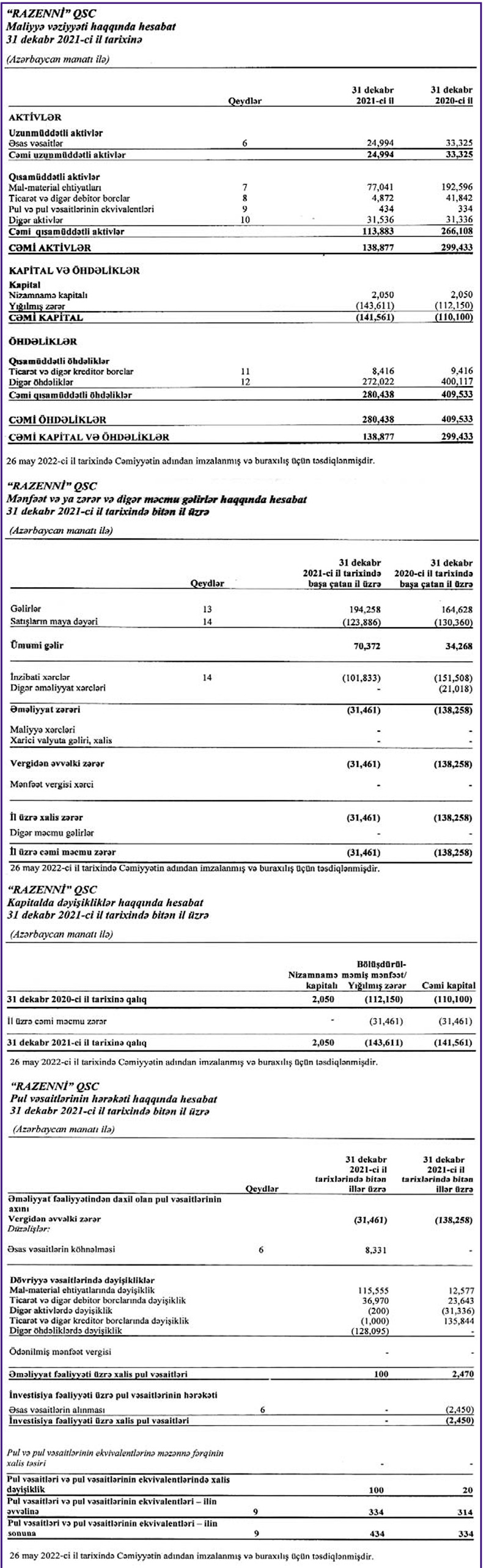 Marja xəbər verir ki, "Razenni" QSC 2021-ci ili 31 min manat xalis zərər ilə başa vurub. Şirkət 2020-ci ili 138 min manat xalis zərər ilə bağlamışdı. 2020-ci illə müqayisədə 2021-ci ildə "Razenni" QSC-nin gəlirləri 18% artaraq 194 min manat təşkil edib. 2020-ci ildə şirkətin gəlirləri 164 min manat olmuşdu.
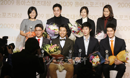 21일 서울 소공동 조선호텔 그랜드 볼룸에서 열린 2009동아스포츠대상에서 영광의 대상을 수상한 수상자들이 귀빈들과 함께 포즈를 취하고 있다. (서희경 여자프로골프대상, 배상문 남자프로골프대상, 황연주(흥국생명 김연경 대리수상) 여자배구대상, 신정자 여자프로농구대상, 김주성 남자프로농구대상, 박철우 남자배구 대상, 이동국 프로축구대상, 김상현 프로야구대상 이상 뒷줄왼쪽부터시계방향)
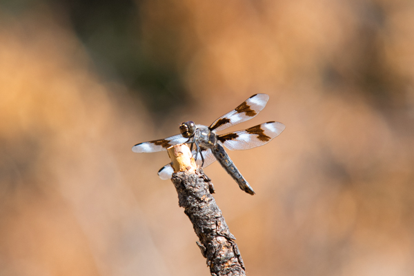 Perhaps the most strikingly beautiful of all of the large dragonflies of Western Canada and the United States, the eight-spotted skimmer (Libellula forensis) contrasts greatly with its environment, whether it is in lowland marshes and ponds or along desert creeks and rivers.
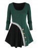 Plus Size Guipure Lace Two Tone Buttoned Tunic Tee
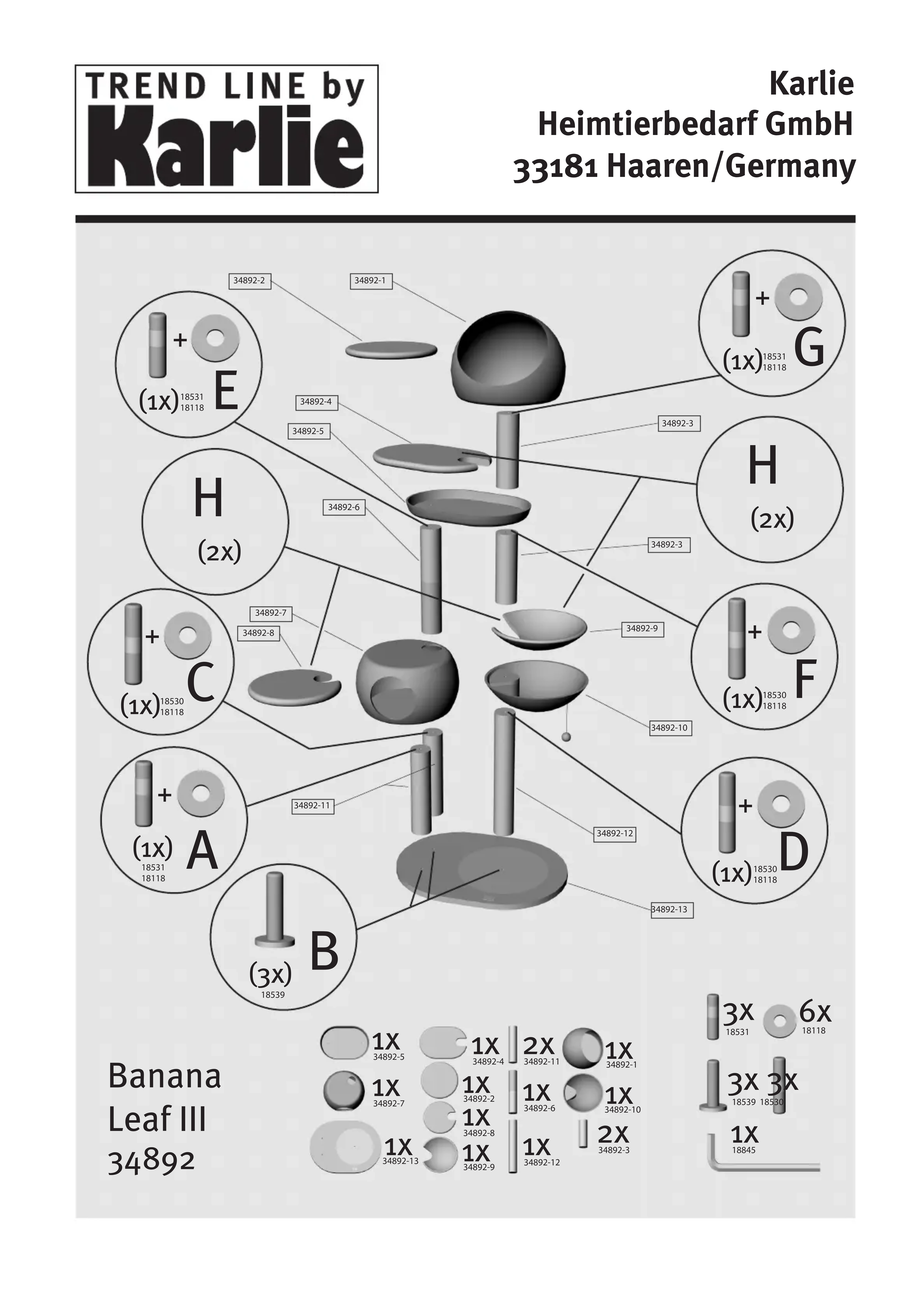 Le Karlie Banana Leaf III est livré avec un guide d'assemblage simple. Suivez les instructions fournies pour un montage rapide et facile.
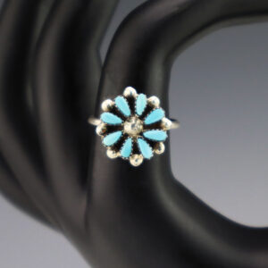 Zuni artists David and Sarita Leekity hand made this lovely ring out of sterling silver and Turquoise. Great petit point design! Weighs 4 grams. Size 7. 5/8″ in diameter Artist card included Zuni Pueblo is the largest pueblo in New Mexico, and because of its location, Zuni...
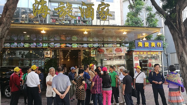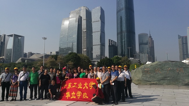 中餐后大家继续前往游览【花城广场、海心沙亚运公园】。花城广场于亚运会前投入使用,是广州城市新中轴线上的又一颗明珠。这里建有人造景观湖区,大型喷泉、灯光广场,冷雾降温系统,并种植600多棵大树。在花城广场的北端,有5个花岛,其中3个为樱花岛,2个为桃花岛,配上柳树,以植物的多种类衬托花城美誉,营造桃红柳绿的意境。每一位退休教师都被这些美景所吸引,深深陶醉。他们在石板路间,互道生活琐碎,在迤逦的风光和浓浓的秋意中感受着集体的温暖。
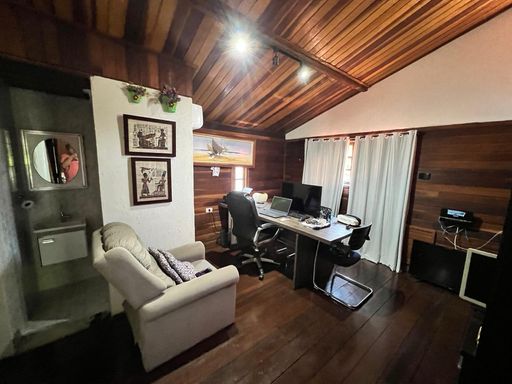3º pavimento: mezanino espaçoso, com ambiente de estar, escritório espaçoso reservado, banheiro e varanda com vista livre para o verde. Um ótimo home office.
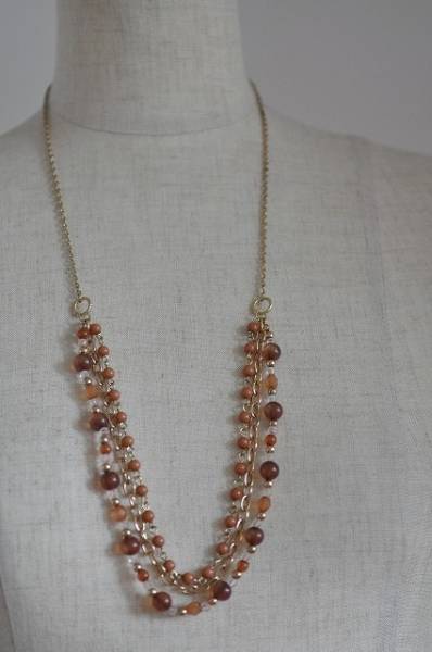 前の部分のみ3重になっているネックレスです。
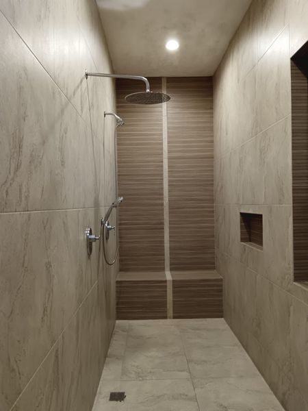 Con un exquisito juego de texturas, distribución y amplitud de espacios.
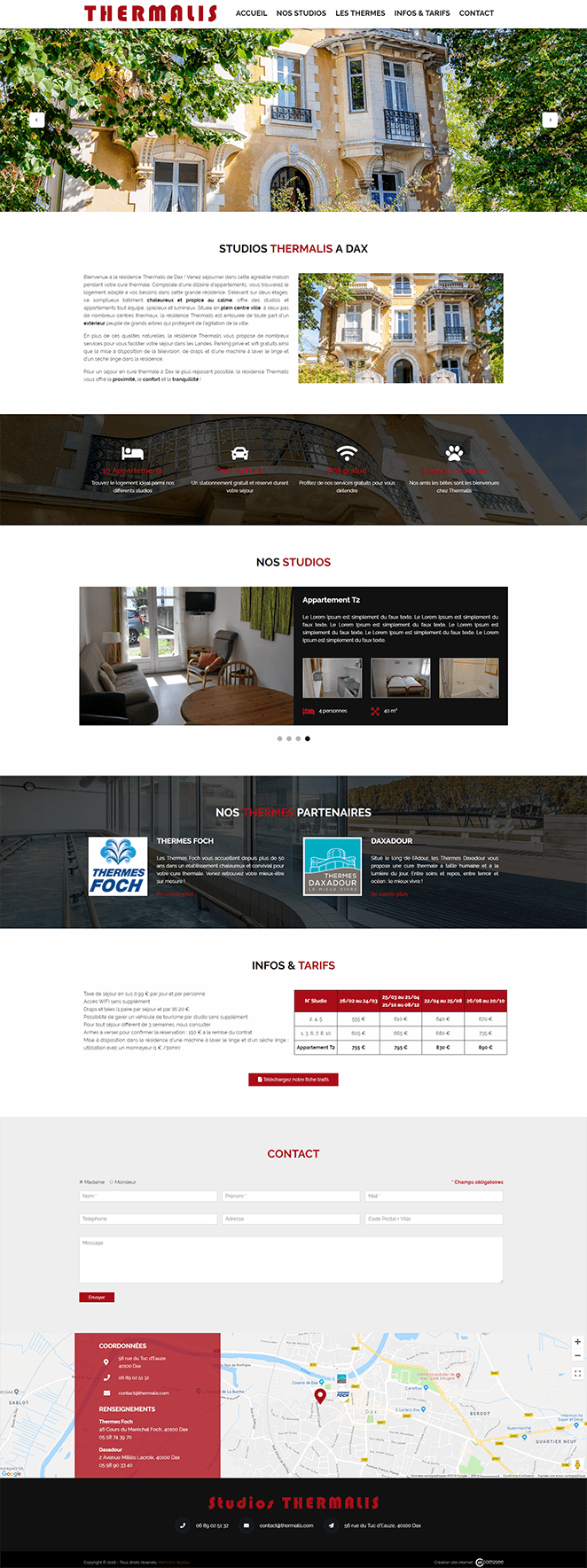 Le client tenait a avoir un site sous format onepage, c’est-à-dire que toutes les informations sont présentées sur la seule page d’accueil. Pour rassembler toutes les informations, et notamment présenter l’ensemble des studios et appartements, nous avons travaillé la mise en page pour garder une expérience utilisateur simple malgré la quantité d’informations.
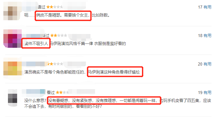 虽说服化道具方面十分精美,但观众对于一部电视剧考量更在于剧情的精彩和演技的出彩。有网友看完这部剧后表示道:该剧没有悬疑感、紧张感、推理感,案件不够吸引人。更有网友质疑马伊琍并不适合出演"苏雯丽"一角。

Task - Pictures are to be dropped, and the lines from the line with "Zuni artists David" through the end of the material above are to be reproduced exactly.

Result for this exercise -
 Zuni artists David and Sarita Leekity hand made this lovely ring out of sterling silver and Turquoise. Great petit point design! Weighs 4 grams. Size 7. 5/8″ in diameter Artist card included Zuni Pueblo is the largest pueblo in New Mexico, and because of its location, Zuni...
 中餐后大家继续前往游览【花城广场、海心沙亚运公园】。花城广场于亚运会前投入使用,是广州城市新中轴线上的又一颗明珠。这里建有人造景观湖区,大型喷泉、灯光广场,冷雾降温系统,并种植600多棵大树。在花城广场的北端,有5个花岛,其中3个为樱花岛,2个为桃花岛,配上柳树,以植物的多种类衬托花城美誉,营造桃红柳绿的意境。每一位退休教师都被这些美景所吸引,深深陶醉。他们在石板路间,互道生活琐碎,在迤逦的风光和浓浓的秋意中感受着集体的温暖。
3º pavimento: mezanino espaçoso, com ambiente de estar, escritório espaçoso reservado, banheiro e varanda com vista livre para o verde. Um ótimo home office.
 前の部分のみ3重になっているネックレスです。
 Con un exquisito juego de texturas, distribución y amplitud de espacios.
 Le client tenait a avoir un site sous format onepage, c’est-à-dire que toutes les informations sont présentées sur la seule page d’accueil. Pour rassembler toutes les informations, et notamment présenter l’ensemble des studios et appartements, nous avons travaillé la mise en page pour garder une expérience utilisateur simple malgré la quantité d’informations.
 虽说服化道具方面十分精美,但观众对于一部电视剧考量更在于剧情的精彩和演技的出彩。有网友看完这部剧后表示道:该剧没有悬疑感、紧张感、推理感,案件不够吸引人。更有网友质疑马伊琍并不适合出演"苏雯丽"一角。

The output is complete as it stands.